Sorry for the late post! I slept in a bit this morning since I’m getting such little sleep from watching Netflix on work nights, and I went out for a day trip with my family, then shopping by myself after.
Today was a pretty great day. Not for a particularly big thing happening, but more because of a lot of little things. When I was in the pueblo we were visiting, looking through gewgaws, weird knick-knacks, and fairly racist toys (more on that another day), me and my cousin kept being greeted “Bienvenidas!” by the storekeepers of every shop we entered. “Bienvenidas” is the feminine form of “Welcome” in Spanish, and something you would only use with a group made up exclusively of women.
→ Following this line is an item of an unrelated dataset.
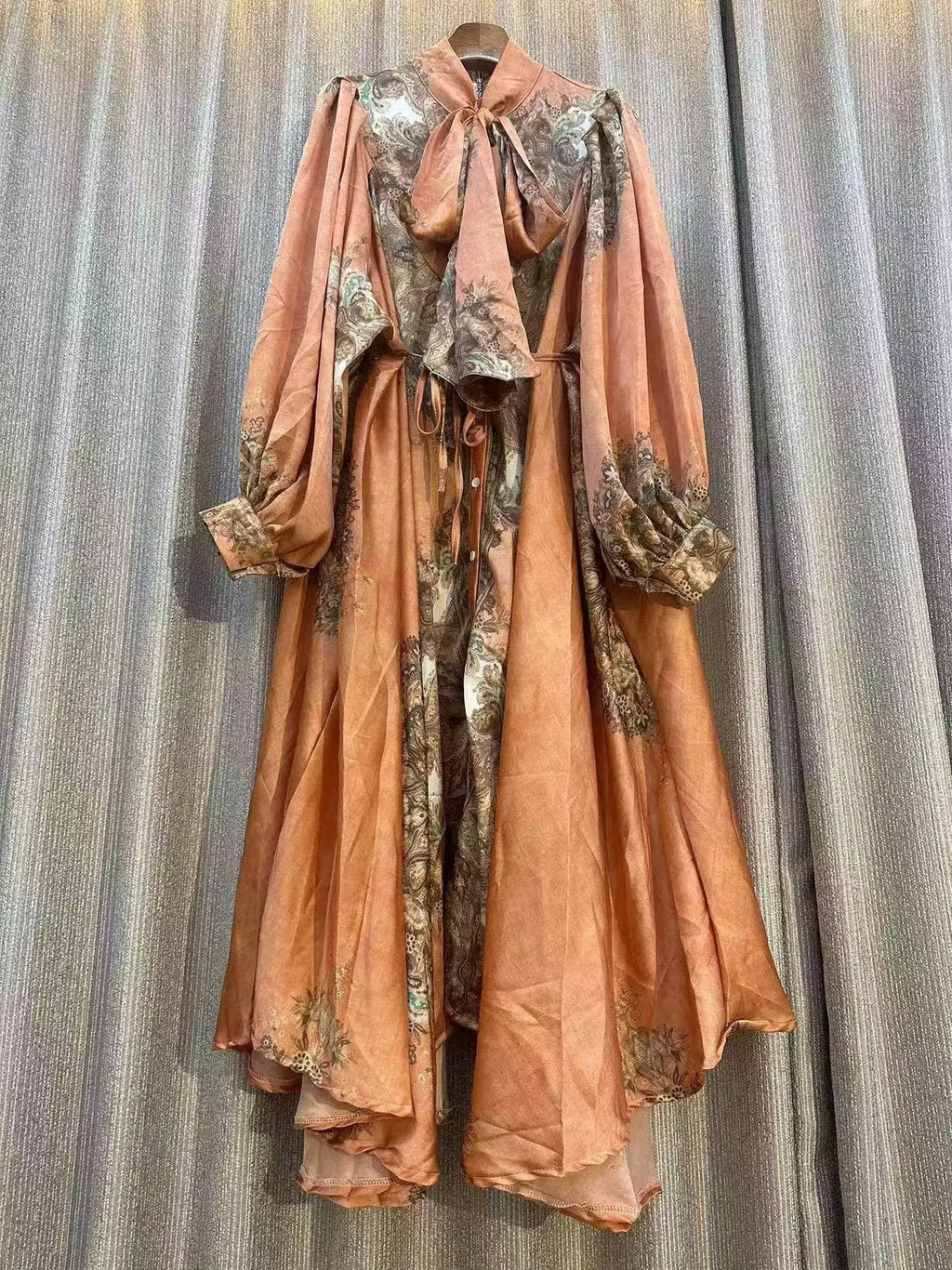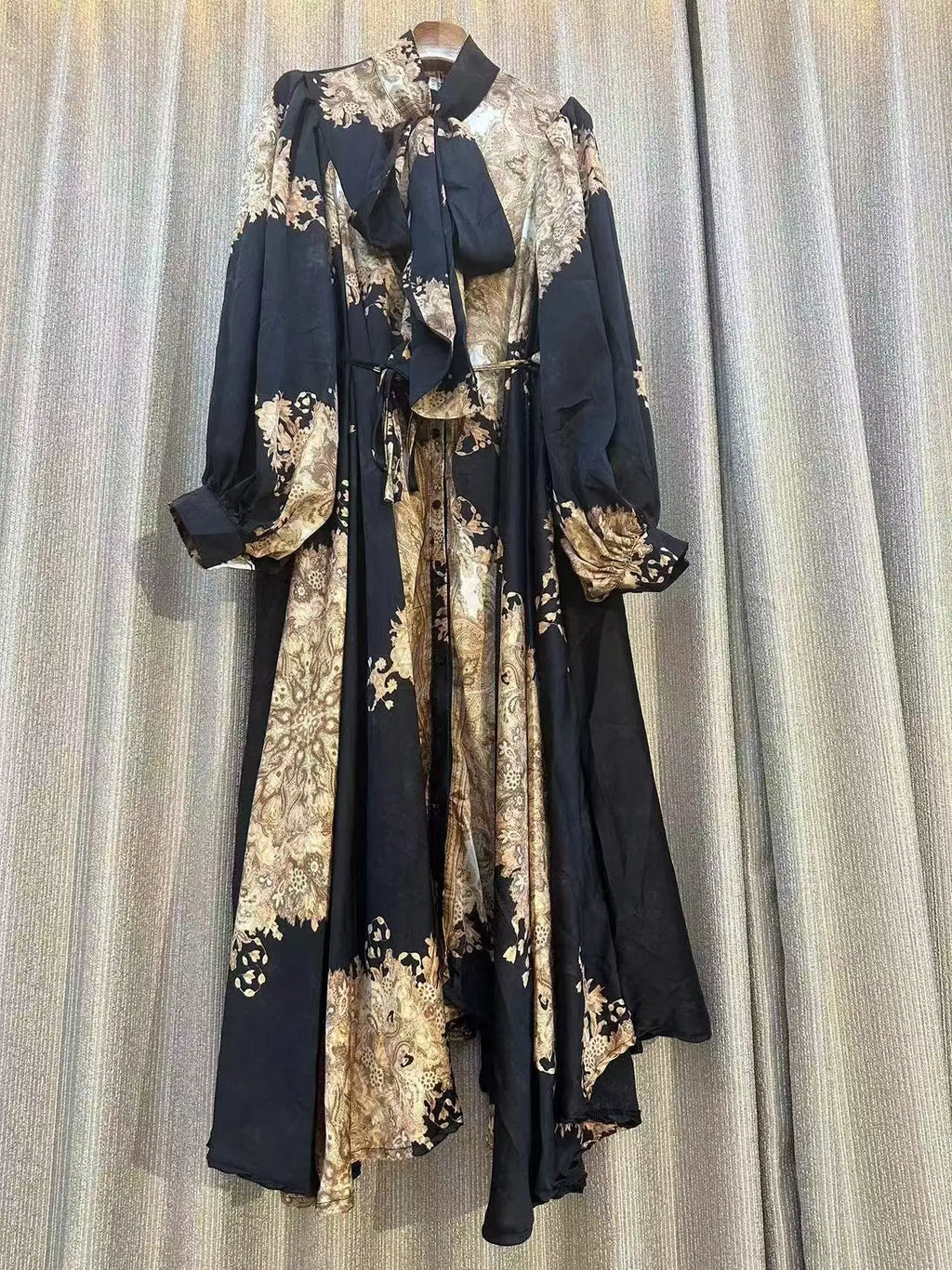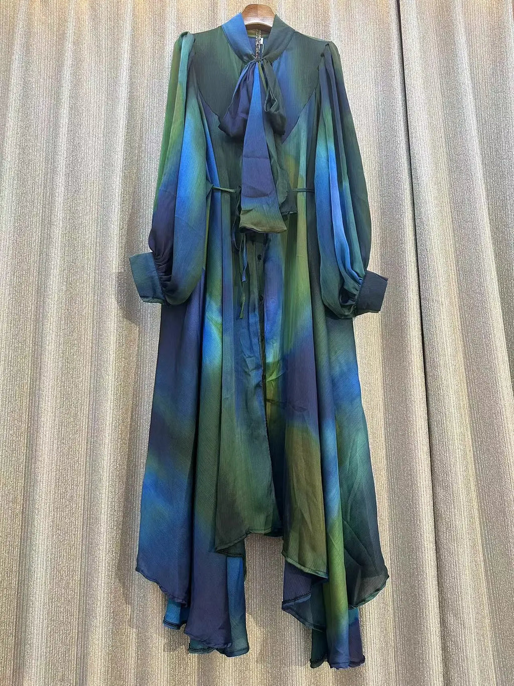 New 2024 Autumn Fashion Irregular Party Midi Dress Female long Sleeve Elegant Loose Print Casual Evening Dress For Women

I couldn’t help but smile a bit every time it happened. The same happened when I went shopping by myself in the afternoon; I entered a shop and it was “Bienvenida“, I asked a question and had it answered with a “señorita” or “señora” (miss/ma’am).
I nearly started laughing as I walked the mall, because I could hear my high-heeled boots clickety-clacking on the floor, and could feel my kickass owl earrings hanging on my ears. I just felt so happy when I stopped to think about both things, I could barely contain myself.
When we were having lunch I had to use the bathroom, and had a little giggle as I turned right to enter the women’s rather than the men’s.
As I did, I remembered crying about two years ago, trying to explain to my then-best friend why something as small as going to the bathroom made me feel like absolute shit. Back then I was of course still living in guy mode, and the smallest things, from seeing photos of girls all dressed up and pretty on facebook, to being greeted “hey man!” by friends could set me off.
That’s the thing about gender dysphoria… in general it feels a bit like depression. It dulls you and your emotions, makes every day seem a lot more gray and uninteresting, making life dull and slow, and draining you. However, on some days the tiniest things can suddenly lead to a deep sense of loss; unhappiness, and self-hatred fill you up. It’s awful.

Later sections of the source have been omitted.